- The data
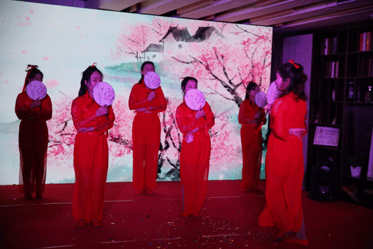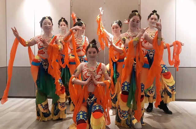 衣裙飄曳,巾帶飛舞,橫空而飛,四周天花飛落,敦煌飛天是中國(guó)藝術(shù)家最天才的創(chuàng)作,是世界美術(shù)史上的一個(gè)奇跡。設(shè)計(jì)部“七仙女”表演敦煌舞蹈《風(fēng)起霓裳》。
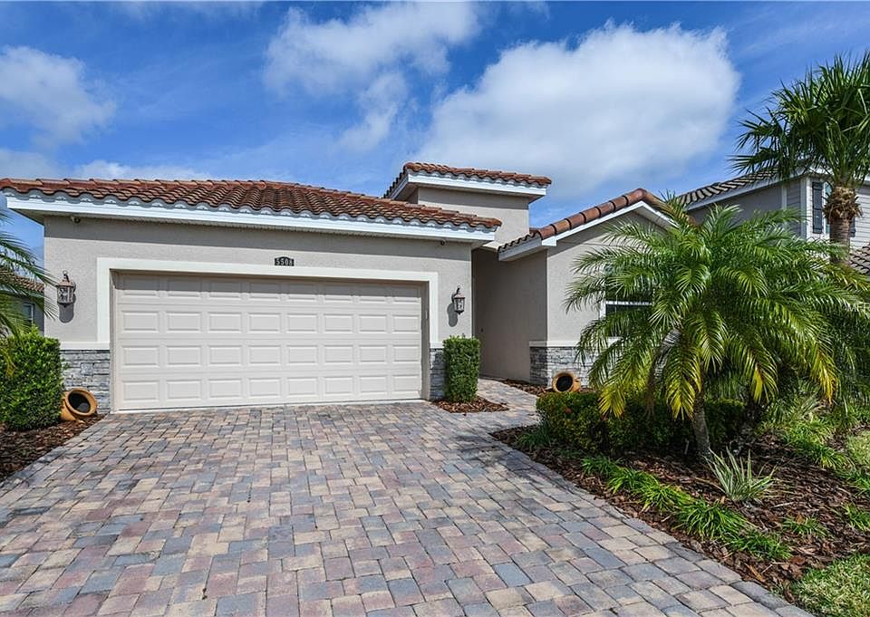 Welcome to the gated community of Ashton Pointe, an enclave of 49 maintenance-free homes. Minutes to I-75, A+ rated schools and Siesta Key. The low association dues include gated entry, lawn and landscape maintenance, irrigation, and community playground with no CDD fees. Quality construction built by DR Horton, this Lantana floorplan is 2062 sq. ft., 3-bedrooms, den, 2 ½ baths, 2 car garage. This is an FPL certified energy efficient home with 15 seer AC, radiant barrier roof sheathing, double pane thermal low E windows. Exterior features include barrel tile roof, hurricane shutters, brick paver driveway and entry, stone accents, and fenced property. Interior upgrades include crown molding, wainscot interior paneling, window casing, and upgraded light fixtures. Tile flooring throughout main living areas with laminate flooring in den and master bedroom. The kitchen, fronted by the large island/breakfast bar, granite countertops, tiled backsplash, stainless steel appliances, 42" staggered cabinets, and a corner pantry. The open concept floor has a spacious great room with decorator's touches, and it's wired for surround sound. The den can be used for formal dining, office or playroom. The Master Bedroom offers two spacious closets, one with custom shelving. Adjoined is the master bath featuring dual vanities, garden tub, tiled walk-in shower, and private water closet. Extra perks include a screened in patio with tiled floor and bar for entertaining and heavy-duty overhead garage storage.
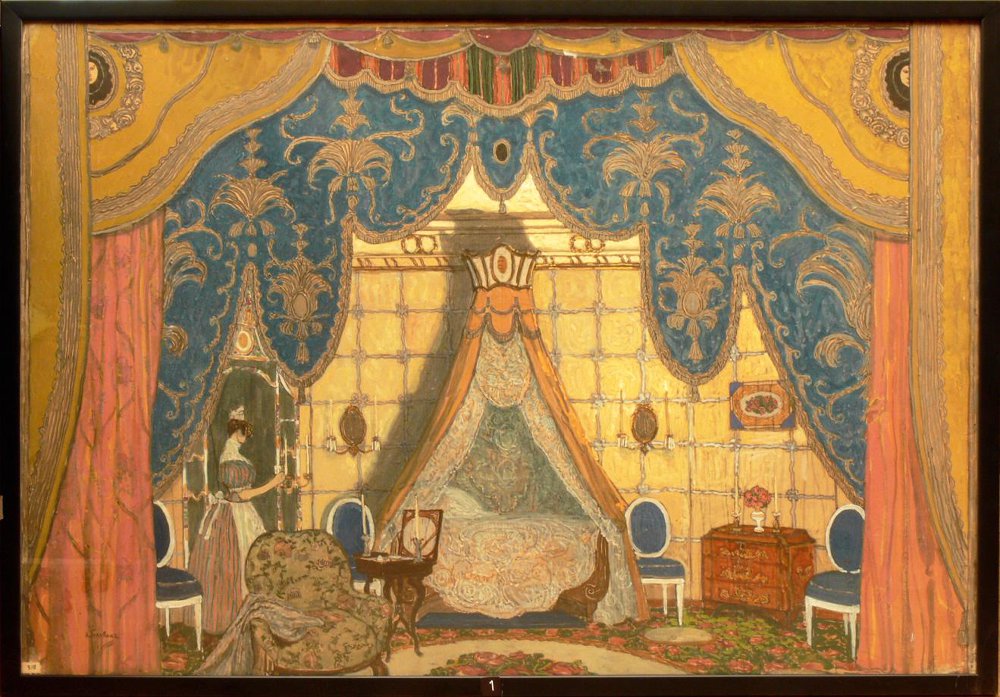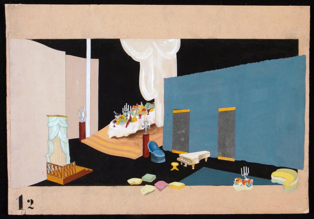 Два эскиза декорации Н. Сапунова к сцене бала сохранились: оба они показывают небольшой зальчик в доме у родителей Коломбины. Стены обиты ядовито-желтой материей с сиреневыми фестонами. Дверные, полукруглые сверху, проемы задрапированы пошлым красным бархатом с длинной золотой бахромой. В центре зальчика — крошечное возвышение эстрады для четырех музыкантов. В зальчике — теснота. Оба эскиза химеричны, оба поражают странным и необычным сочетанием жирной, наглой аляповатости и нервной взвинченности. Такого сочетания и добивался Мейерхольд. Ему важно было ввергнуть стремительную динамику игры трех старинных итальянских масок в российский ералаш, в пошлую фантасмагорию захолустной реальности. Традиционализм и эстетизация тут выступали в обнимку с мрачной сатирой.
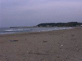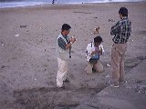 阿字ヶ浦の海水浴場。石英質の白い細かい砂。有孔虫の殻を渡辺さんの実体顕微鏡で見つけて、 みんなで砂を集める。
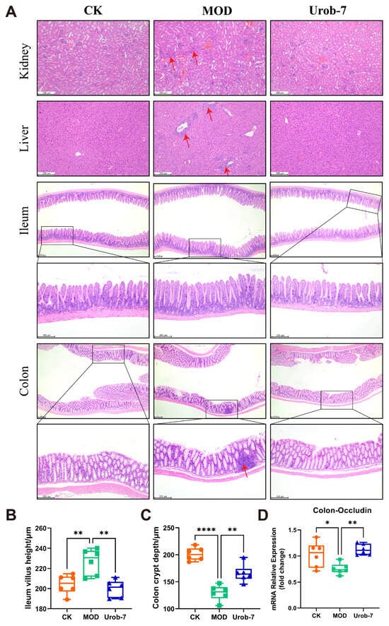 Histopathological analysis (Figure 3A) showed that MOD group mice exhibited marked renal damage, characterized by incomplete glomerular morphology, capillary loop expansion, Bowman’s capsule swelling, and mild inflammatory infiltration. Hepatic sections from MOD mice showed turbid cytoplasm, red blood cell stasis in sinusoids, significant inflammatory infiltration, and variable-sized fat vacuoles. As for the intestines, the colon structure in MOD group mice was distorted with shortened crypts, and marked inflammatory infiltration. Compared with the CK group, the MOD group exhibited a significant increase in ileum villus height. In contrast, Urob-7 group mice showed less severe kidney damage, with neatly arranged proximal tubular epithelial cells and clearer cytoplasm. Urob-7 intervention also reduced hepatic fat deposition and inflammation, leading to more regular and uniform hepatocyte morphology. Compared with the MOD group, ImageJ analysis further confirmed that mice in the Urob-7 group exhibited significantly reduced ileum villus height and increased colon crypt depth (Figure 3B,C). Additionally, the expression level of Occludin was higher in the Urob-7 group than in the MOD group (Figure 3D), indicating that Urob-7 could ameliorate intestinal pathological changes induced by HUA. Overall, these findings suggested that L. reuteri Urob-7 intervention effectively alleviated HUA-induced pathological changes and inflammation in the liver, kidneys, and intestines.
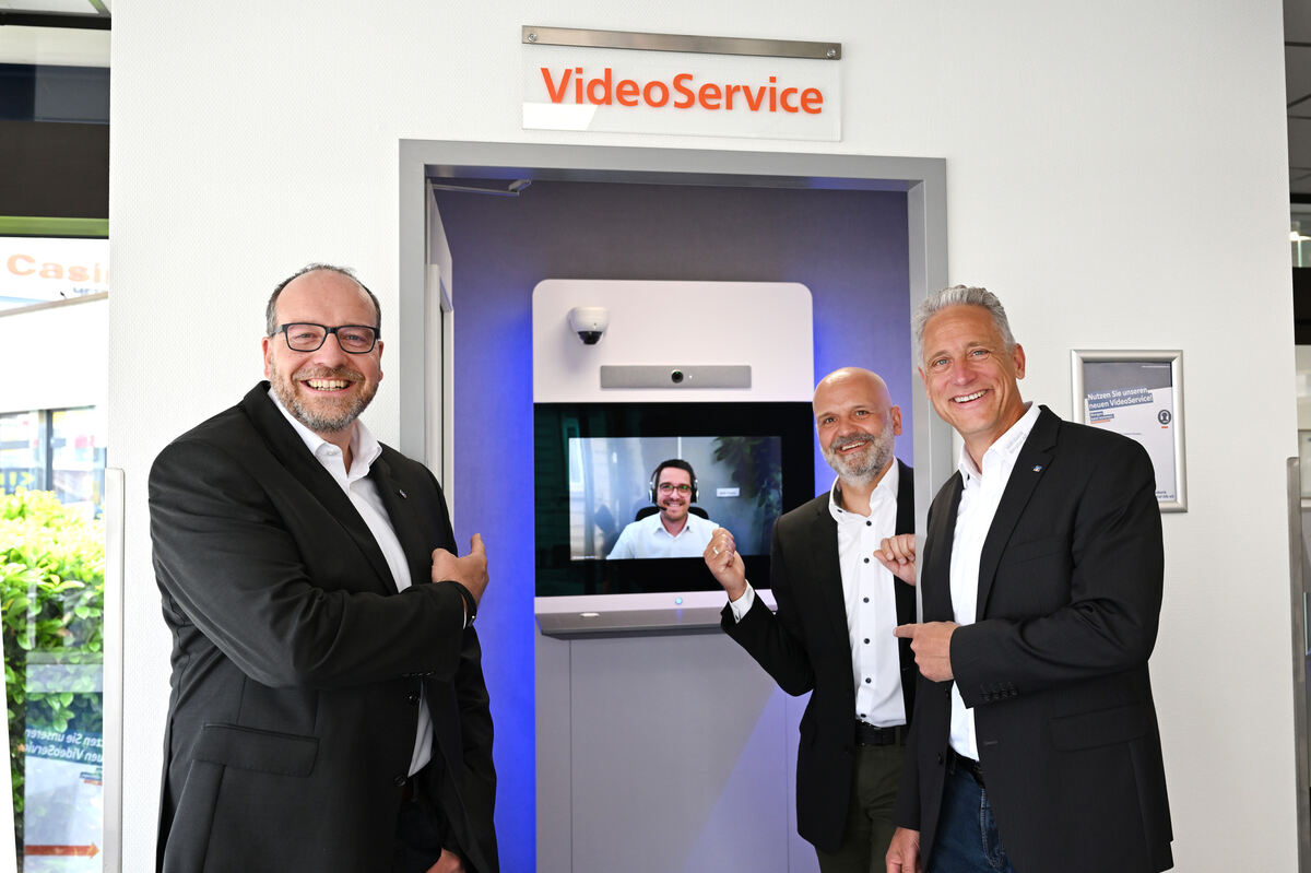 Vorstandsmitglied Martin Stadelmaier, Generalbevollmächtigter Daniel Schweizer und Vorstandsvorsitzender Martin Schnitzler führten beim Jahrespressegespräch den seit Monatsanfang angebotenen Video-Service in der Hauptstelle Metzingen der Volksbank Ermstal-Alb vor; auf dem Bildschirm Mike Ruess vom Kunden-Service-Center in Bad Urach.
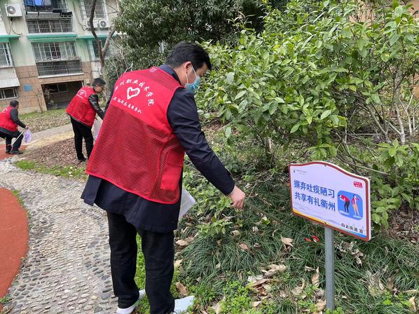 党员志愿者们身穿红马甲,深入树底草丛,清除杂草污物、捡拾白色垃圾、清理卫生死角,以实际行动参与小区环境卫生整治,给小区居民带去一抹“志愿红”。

* * *

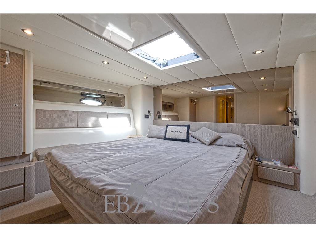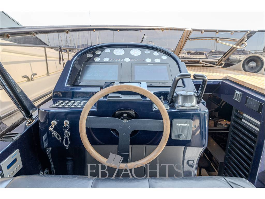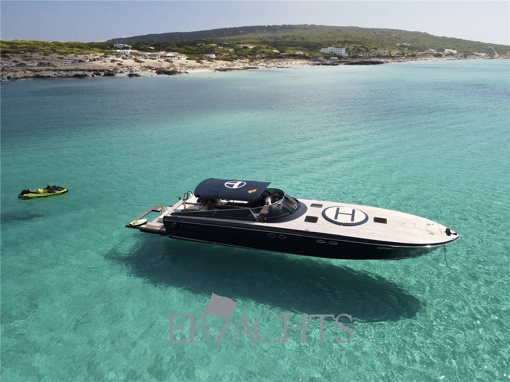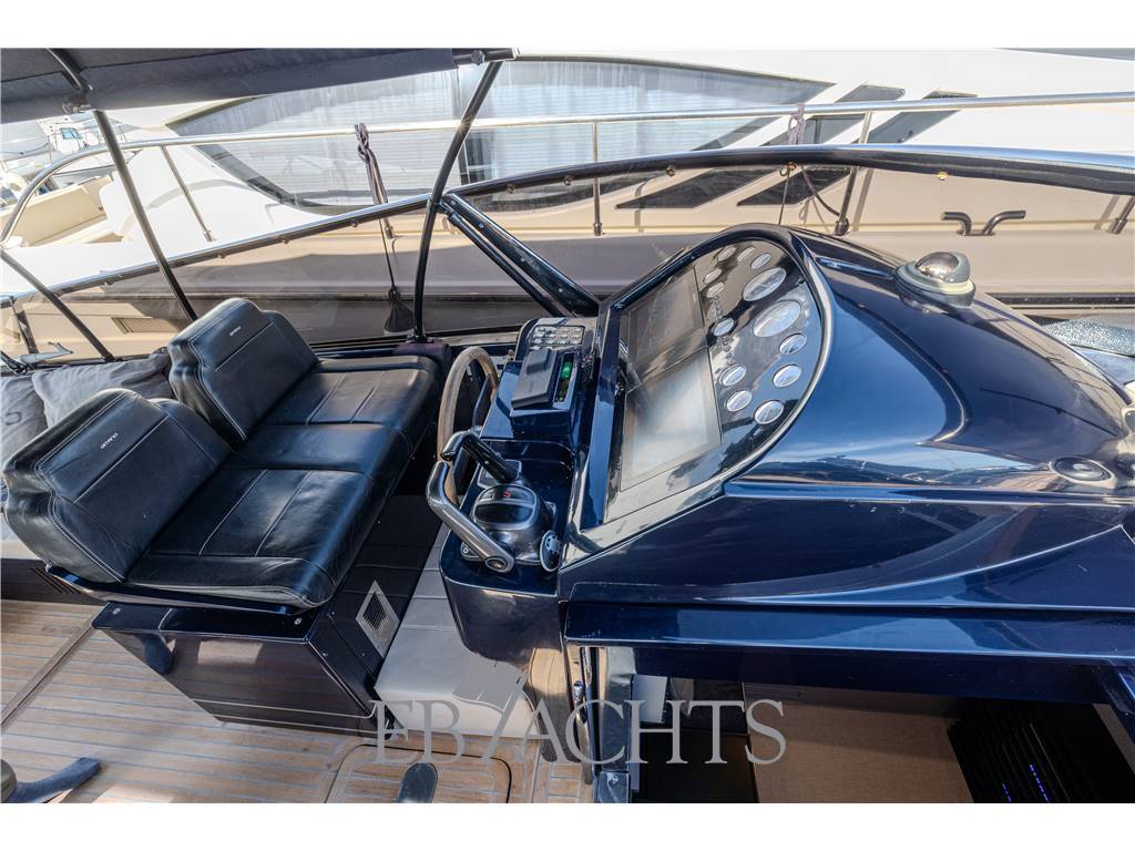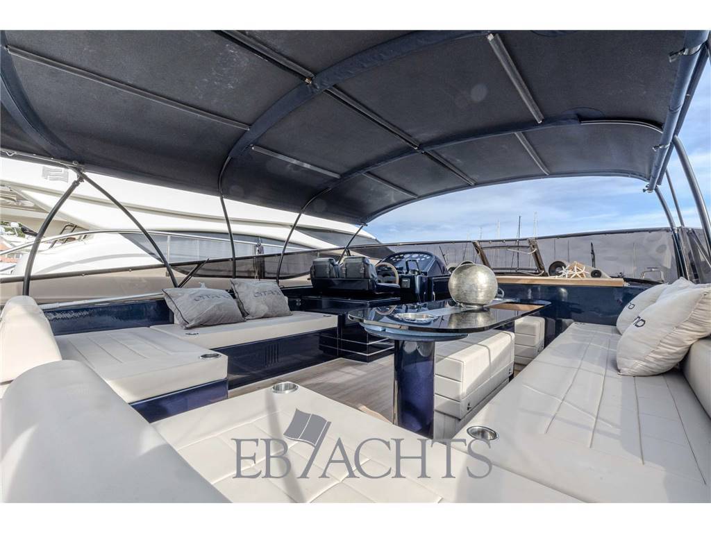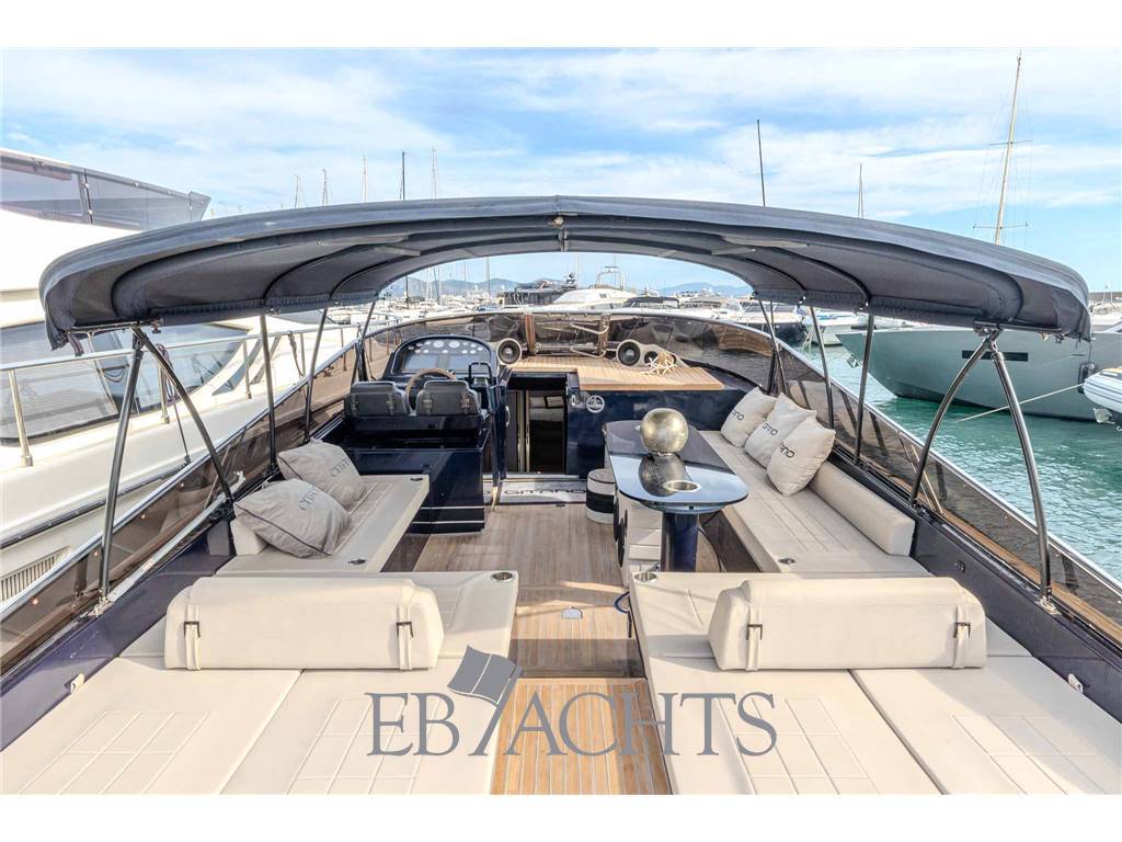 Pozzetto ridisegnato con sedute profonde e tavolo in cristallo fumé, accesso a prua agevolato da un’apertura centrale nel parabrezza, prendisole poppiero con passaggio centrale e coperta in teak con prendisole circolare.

- Task to carry out
When you reach the line that has "阿字ヶ浦の海水浴場。石英質の" in the data above, start repeating lines exactly, and stop after the line that has "Histopathological analysis (Figure"; pictures stay out.

- Result for this task
 阿字ヶ浦の海水浴場。石英質の白い細かい砂。有孔虫の殻を渡辺さんの実体顕微鏡で見つけて、 みんなで砂を集める。
 Histopathological analysis (Figure 3A) showed that MOD group mice exhibited marked renal damage, characterized by incomplete glomerular morphology, capillary loop expansion, Bowman’s capsule swelling, and mild inflammatory infiltration. Hepatic sections from MOD mice showed turbid cytoplasm, red blood cell stasis in sinusoids, significant inflammatory infiltration, and variable-sized fat vacuoles. As for the intestines, the colon structure in MOD group mice was distorted with shortened crypts, and marked inflammatory infiltration. Compared with the CK group, the MOD group exhibited a significant increase in ileum villus height. In contrast, Urob-7 group mice showed less severe kidney damage, with neatly arranged proximal tubular epithelial cells and clearer cytoplasm. Urob-7 intervention also reduced hepatic fat deposition and inflammation, leading to more regular and uniform hepatocyte morphology. Compared with the MOD group, ImageJ analysis further confirmed that mice in the Urob-7 group exhibited significantly reduced ileum villus height and increased colon crypt depth (Figure 3B,C). Additionally, the expression level of Occludin was higher in the Urob-7 group than in the MOD group (Figure 3D), indicating that Urob-7 could ameliorate intestinal pathological changes induced by HUA. Overall, these findings suggested that L. reuteri Urob-7 intervention effectively alleviated HUA-induced pathological changes and inflammation in the liver, kidneys, and intestines.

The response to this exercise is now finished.